Data for physical molecular interaction are publicly available in databases including Human Protein Reference Database (HPRD) [36], the Biological General Repository for Interaction Datasets (BioGRID) [37], IntAct [38], Molecular INTeraction database (MINT) [39], Biomolecular Interaction Network Database (BIND) [40] and the Database of Interacting Proteins (DIP) [41]. Databases such as Search Tool for the Retrieval of Interacting Genes/Proteins (STRING) [42] and iRefIndex [43] aggregate some or all of the above mentioned sources into single datasets.
The entire set of these interactions in humans is termed the human interactome.
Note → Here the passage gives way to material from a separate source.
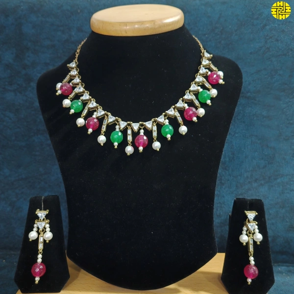 Step into a world of classic charm and colorful radiance with the Antique Raw Finish Multi Color CZ Necklace Set - Z-123ryg, brought to you by the prestigious Hasu Jewellers. This necklace set is not just an accessory; it is a testament to the timeless beauty of Kundan jewelry, reimagined with a modern twist.
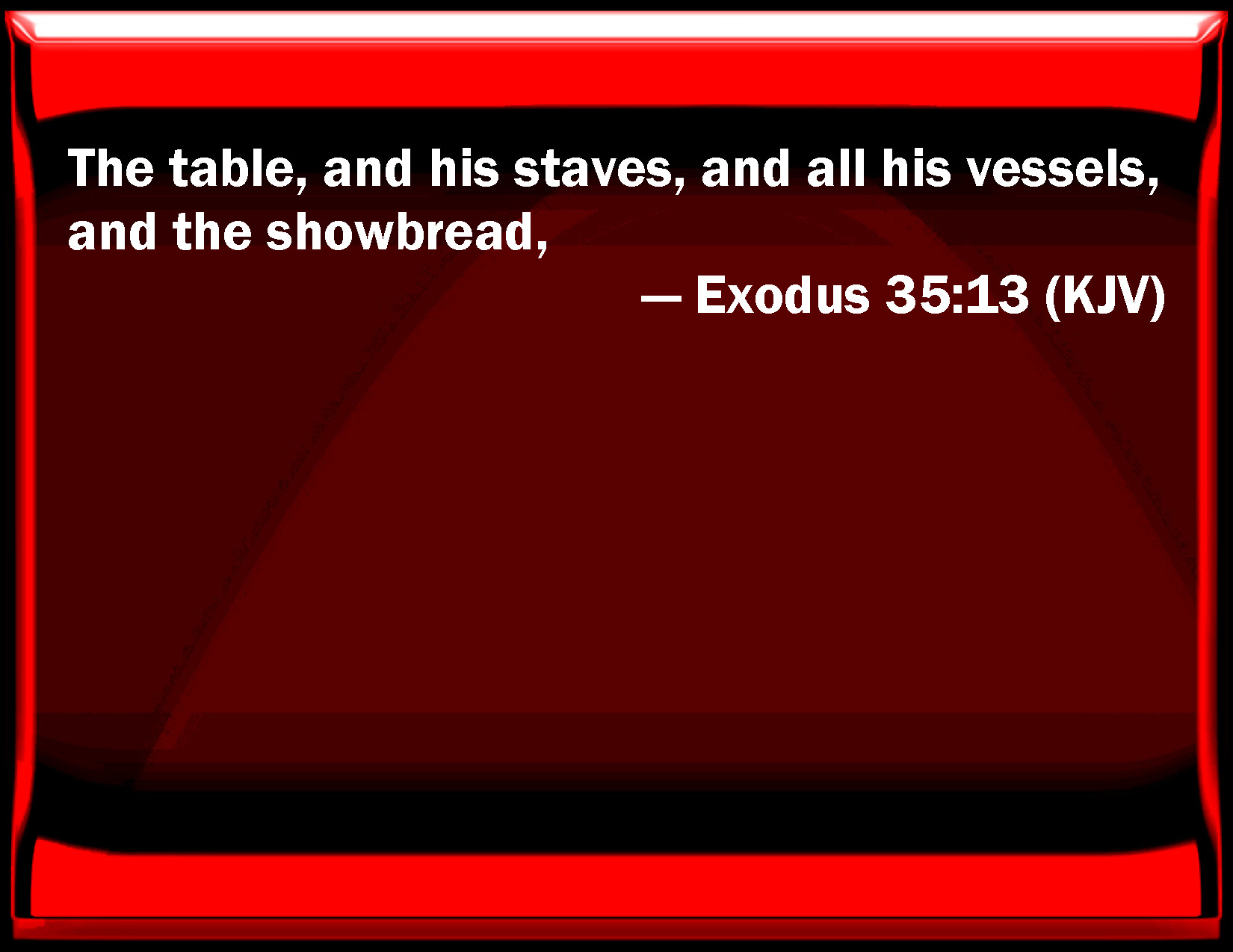 Bible Verse Slide Exodus 35:13 The table, and his staves, and all his vessels, and the show bread, KJV: The table, and his staves, and all his vessels, and the shewbread, DRB: The table with the bars and the vessels, and the loaves of proposition: DBT: the table and its staves, and all its utensils, and the shewbread; ERV: the table, and its staves, and all its vessels, and the shewbread; WBT: The table, and its staffs, and all its vessels, and the show-bread, WEB: the table with its poles and all its vessels, and the show bread; YLT: 'The table and its staves, and all its vessels, and the bread of the presence,Links Exodus 35:13 NIV • Exodus 35:13 NLT • Exodus 35:13 ESV • Exodus 35:13 NASB • Exodus 35:13 KJV • Exodus 35:13 Interlinear • Exodus 35:13 Commentaries • Exodus 35:13 Parallel Texts • Exodus 35:13 Bible Apps • Exodus 35:13 Parallel • Bible Hub |

The complexity of such a network is overwhelming, as humans have approximately 25 000 protein-coding genes and an unknown number of proteins due to many splicing variants [44] and post-translational modifications. Hence, the number of proteins that take part in the interactome is argued to be in the six-digit range [45]. The current state of art datasets are approximated to around 50 000 unique proteins that participate in close to 200 000 interactions [43]. When the quality score of measurements is taken into account, the human PPI dataset is pruned down to around 10 000 proteins participating in some 50 000–60 000 high-confidence interactions. This shows that currently available interactome data are still noisy and incomplete. Numerous biases are introduced by data collecting and data sampling techniques, as well as averaging-out the species population by using universal models of the genome and interactome [46–55]. Nevertheless, even such sparse data are often too large to be efficiently analysed by present day network analysis algorithms. This is due to their large sizes and the fact that many graph theoretic algorithms are computationally intractable (NP-hard or NP-complete) [56]. Hence, new approximate (also called heuristic) methods for analysing network data that can cope with the underlying complexities are being developed [57–60].
Network representations
Constructing the graph model that accurately represents the observed underlying biological process is often not straight-forward. It depends on the way in which the data will be analysed and thus must be tailored for the specific question that is to be answered. For instance, metabolism is a process which keeps the organism in homeostasis. The current representation of metabolism in literature is through metabolic pathways which describe smaller parts of the metabolic system that act upon molecules through a series of reactions. Thus, this description of metabolism can be hierarchically broken down into pathways and further into specific chemical reactions that comprise these pathways. The reactions themselves constitute processes that transform sets of chemical substances. However, modelling this system using a network can be done in a number of different ways, with substantially different outputs [61–74]. Consequently, this dimensionality reduction from the complex intertwined metabolic system down to a graph requires logically splitting up the entire metabolism into two categories: its basic elements and the relations between them, that is, it requires determining which parts of it will be described by nodes and which by edges.
One way of making this simplification is to represent elementary metabolic compounds as nodes and reactions between them as edges of a network. This is known as the ‘metabolite-centric’ mapping [66–69], and is the most common one in use for general-purpose extraction of knowledge about metabolism from these networks, as it closely mirrors the real-world structure of metabolic reactions. The second way is ‘enzyme-centric’ [70,71]: nodes represent enzymes, and a pair of nodes is connected by an edge if the corresponding enzymes catalyse at least one common reaction. This representation is used for understanding molecular wirings around enzymes. The third model, a reaction-centric map [72–74], is obtained by having nodes represent individual reactions and placing links between them if they are commonly catalysed by at least one enzyme, or if they act upon the same chemical compounds. However, even when we choose the nodes in the network representation of metabolism, it is still not clear how the edges between them should be drawn (details given in Figure 1).
Figure 1:
If we consider a metabolite-centric map of the following irreversible metabolic reaction from substrates A and B to products C and D, A + B→C + D, we can chose (a) to link only the main substrate–product pair (say, A and C) while leaving out the transitive elements, such as energy or water (say, B and D). However, it is not always the case that a reaction has transitive elements. If there are no transitive elements in this reaction, (b) the metabolite-centric network map would usually link A to both C and D, as well as B to both C and D, even though this might not be completely biologically accurate, since for the production of C (and D) both A and B are needed together, and this subtlety is lost in this type of network representation. However, the issue could be solved by using more involved mathematical concepts, such as hypergraphs instead of graphs, as edges in hypergraphs consist of any sub-sets of nodes and not just node pairs. By using hypergraphs (c), {A, B, C} and {A, B, D} would be hyperedges, which would better describe the real-world product–substrate relationships. However, algorithms for analysing hypergraphs are far more mathematically and conceptually involved than those for graphs.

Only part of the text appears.